But now certain questions arise. How do we know what branch of mathematics applies to a particular realm of experience? How do we know that a parallelism which we have discovered in a limited range of experiences of a certain kind will be valid over the whole range of the mathematical structure on the one hand and the whole range of experiences of me same kind on the other? How do we know that a particular branch of mathematics will have any corresponding possibilities in experience? The answer to all these questions is that we can know these things only by experience itself, i.e. by trial and error. Since, as I shall maintain and have adumbrated in Chapter 1, it is the oversight of this fact, and the illegitimate assumption that there is some necessity for whatever is true in mathematics to impose its inevitability on experience, that is primarily responsible for the error of special relativity, I should like to quote a passage from Einstein which shows that, as a general proposition at least, he was well aware of this contingent element in the relation between mathematics and experience. In a letter to the late Viscount Samuel, published with his consent in the latter's book, Essay in Physics, in the German original and in English translation, he wrote this:

For example, Euclidean geometry, considered as a mathematical system, is a mere play with empty concepts (straight lines, planes, points, etc., are mere 'fancies'). If, however, one adds that the straight line be replaced by a rigid rod, geometry is transformed into a physical theory.
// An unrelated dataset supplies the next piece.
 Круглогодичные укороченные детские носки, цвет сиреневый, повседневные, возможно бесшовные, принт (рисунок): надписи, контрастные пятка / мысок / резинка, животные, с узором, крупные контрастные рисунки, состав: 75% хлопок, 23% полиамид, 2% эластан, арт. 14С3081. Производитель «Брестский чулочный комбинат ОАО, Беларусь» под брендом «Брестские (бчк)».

A theorem, like that of Pythagoras, then gains a reference to reality. On the other hand, the simple correlation of Euclidean geometry is being lost, if one notices that the rods, which are empirically at our disposal, are not 'rigid'. But does this fact reveal Euclidean geometry to be a mere fancy? No, a rather complicated sort of co-ordination exists between geometrical theorems and rods (or, generally speaking, the external world) which takes into account elasticity, thermic expansion, etc. Thereby geometry regains physical significance. Geometry may be true or false, according to its ability to establish correct and verifiable relations between our experiences.1

What I believe to be the basic misconception of modern mathematical physicists evident, as I say, not only in this problem but conspicuously so throughout the welter of wild speculations concerning cosmology and other departments of physical science is the idea that everything that is mathematically true must have a physical counterpart; and not only so, but must have the particular physical counterpart that happens to accord with the theory that the mathematician wishes to advocate. I have already (Chapter 1) given some examples of this, associated with the greater generality of mathematics as compared with physics; here I wish to show some other aspects of the same fundamental misconception. It is seen easily enough in some very simple examples where it is so obvious that no one could possibly make the error in question; nevertheless, that error is made almost automatically when we get into realms unfamiliar in ordinary experience.
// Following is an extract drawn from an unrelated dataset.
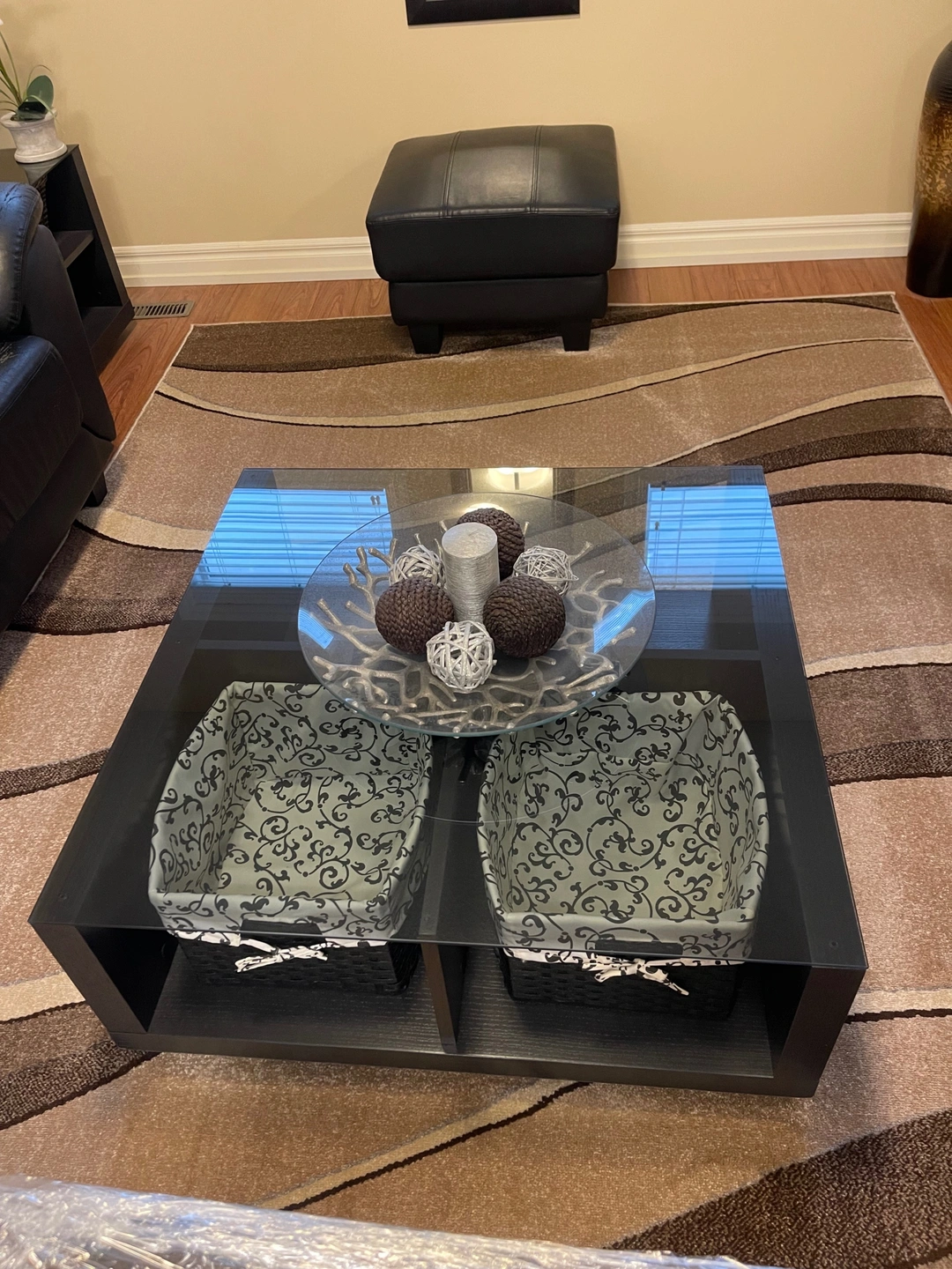 Decor not included. Moving Sale. Well kept and in very good condition, barely used. Dimensions: Coffee Table: 34” Width x 34” Depth x 18” Height Side Tables: 20” Width x 20” Depth x 20” Height Cash only. Pick up only, no delivery. OBO but no low ball offers. Cash only. If this ad is up, this item is still available.

Take, for example, the simple mathematical equation, 1+1=2. Over a wide range this holds good in experience as well as in mathematics, where it is always true. If we have one penny, and someone adds another to our wealth, we have two pennies. If we have one apple and add to it another and count the total, we find that it is two apples. And so on. We may therefore be inclined to generalise, and say that if we add one anything to another of the same thing, we have two of those things; in other words, x+x=2x, whatever x may be. But this is far from the truth. If we add one water drop to one water drop we get not two water drops but one larger drop. If we add one rabbit to one rabbit we may get a continent of rabbits. Even believers in special relativity will assert that if we add a velocity of 1 foot a second to a velocity of 1 foot a second we get a velocity slightly less than 2 feet a second. If we add one idea to one idea we may get a philosophy. If we add one commandment to one commandment we get all the law and the prophets. Browning wrote that it was only in music that one note added to two notes made a star, but in fact experience abounds in that kind of addition. Similarly, although adding three apples and subtracting two gives the same result as subtracting two and adding three, it is certainly not true that adding cocaine to a gum and subtracting a tooth gives the same result as subtracting the tooth and adding the cocaine.
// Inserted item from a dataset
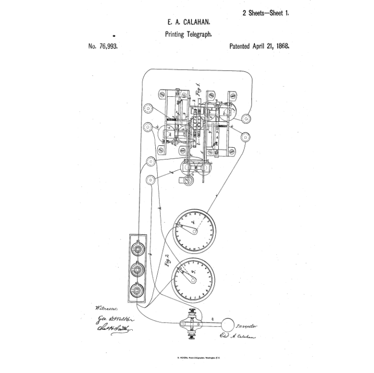 Εικόνα του ticker της μετοχής του Κάλαχαν όπως φαίνεται στο δίπλωμα ευρεσιτεχνίας του για τη συσκευή που κατατέθηκε 6 μήνες μετά την αποκάλυψή της

So it is with other operations of mathematics. In algebra, if a = b, then 2a=2b. This was applied in the Middle Ages to prove the immortality of the soul. To be half dead was the same as to be half alive: double both, and it follows that to be dead is to be alive. This particular argument would carry little weight now, but equally naive applications to experience of mathematical truths do flourish. Not long ago the mathematical fact that log 1 = 0 was applied to prove that there was no difference between something and nothing. The late Professor E. A. Milne proposed a theory called kinematical relativity2, according to which it was equally legitimate to represent the measurement of time by a certain symbol and by its logarithm. It was a short step from this to the conclusion that the question whether a distant nebula was moving rapidly away from us or remaining at the same distance was a 'no-question'; the two processes, were the same, since the only difference lay in our free choice of the way of measuring time, and we could equally well measure it directly or logarithmically. When it was pointed out that, if this were true, the principle could be applied equally well to a stone that is thrown at you, so that whether you would experience the impact or not would depend on what kind of watch you carried, Milne refused to consider the physical application of the mathematics. On one scale of time the stone hit you a few seconds after being thrown; on the other an infinite time would elapse; this was mathematically certain, and therefore the two cases were equivalent.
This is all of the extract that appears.